Exercise directions
Give again, word for word, the lines below that run from the line with "Marked capillary regression" through the line with "看见我们手里都拿着枪,惊恐的". Drop the pictures.

Supplied material
-------------------------

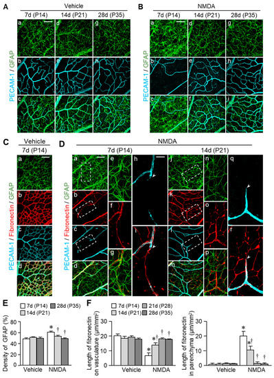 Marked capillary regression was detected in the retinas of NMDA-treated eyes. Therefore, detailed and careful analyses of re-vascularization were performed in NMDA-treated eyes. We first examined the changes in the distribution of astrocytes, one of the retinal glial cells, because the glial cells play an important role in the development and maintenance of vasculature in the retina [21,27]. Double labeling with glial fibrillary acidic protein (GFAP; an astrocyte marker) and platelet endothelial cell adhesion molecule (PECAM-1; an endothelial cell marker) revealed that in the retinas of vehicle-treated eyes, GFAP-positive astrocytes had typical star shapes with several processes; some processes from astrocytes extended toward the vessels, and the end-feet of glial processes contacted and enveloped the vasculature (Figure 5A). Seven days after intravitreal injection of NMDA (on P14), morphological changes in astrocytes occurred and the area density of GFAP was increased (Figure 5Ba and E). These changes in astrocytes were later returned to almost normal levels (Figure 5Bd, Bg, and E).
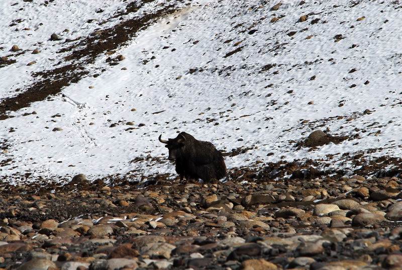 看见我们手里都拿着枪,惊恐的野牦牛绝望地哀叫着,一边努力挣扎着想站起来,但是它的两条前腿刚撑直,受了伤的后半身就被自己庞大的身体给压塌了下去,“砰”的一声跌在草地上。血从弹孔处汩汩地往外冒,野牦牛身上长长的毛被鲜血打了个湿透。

-------------------------

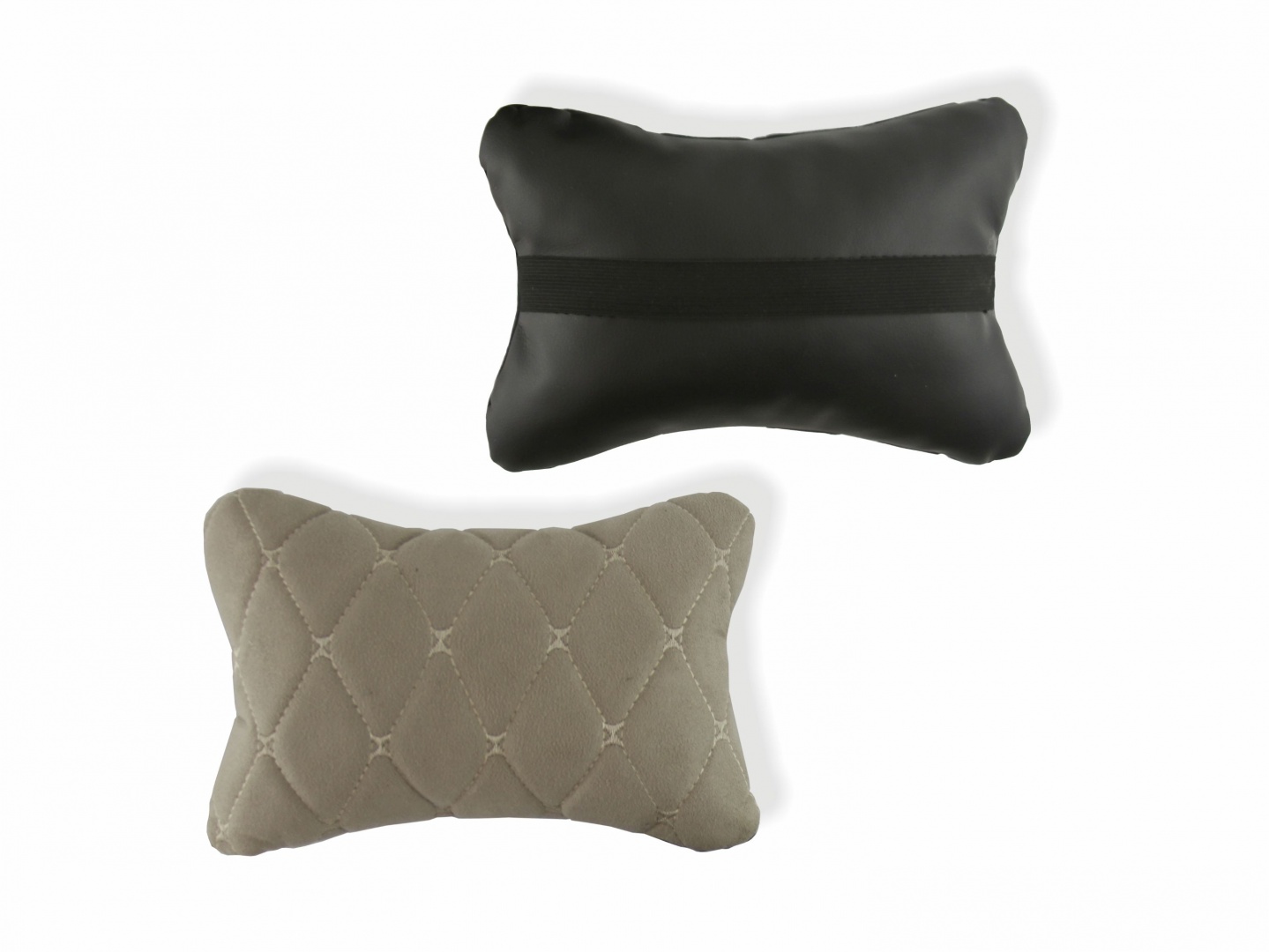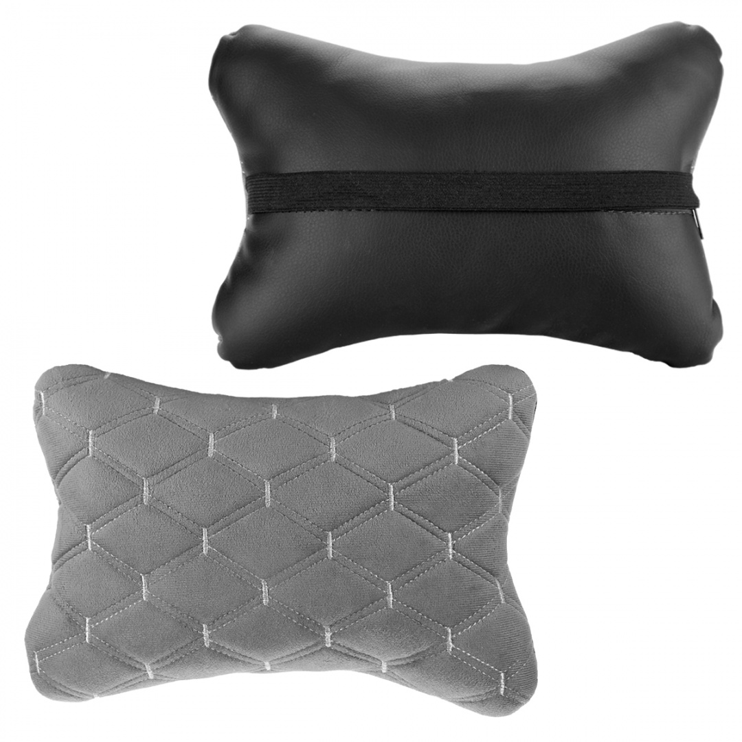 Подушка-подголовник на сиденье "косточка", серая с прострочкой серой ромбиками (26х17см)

-------------------------

Result of the task
 Marked capillary regression was detected in the retinas of NMDA-treated eyes. Therefore, detailed and careful analyses of re-vascularization were performed in NMDA-treated eyes. We first examined the changes in the distribution of astrocytes, one of the retinal glial cells, because the glial cells play an important role in the development and maintenance of vasculature in the retina [21,27]. Double labeling with glial fibrillary acidic protein (GFAP; an astrocyte marker) and platelet endothelial cell adhesion molecule (PECAM-1; an endothelial cell marker) revealed that in the retinas of vehicle-treated eyes, GFAP-positive astrocytes had typical star shapes with several processes; some processes from astrocytes extended toward the vessels, and the end-feet of glial processes contacted and enveloped the vasculature (Figure 5A). Seven days after intravitreal injection of NMDA (on P14), morphological changes in astrocytes occurred and the area density of GFAP was increased (Figure 5Ba and E). These changes in astrocytes were later returned to almost normal levels (Figure 5Bd, Bg, and E).
 看见我们手里都拿着枪,惊恐的野牦牛绝望地哀叫着,一边努力挣扎着想站起来,但是它的两条前腿刚撑直,受了伤的后半身就被自己庞大的身体给压塌了下去,“砰”的一声跌在草地上。血从弹孔处汩汩地往外冒,野牦牛身上长长的毛被鲜血打了个湿透。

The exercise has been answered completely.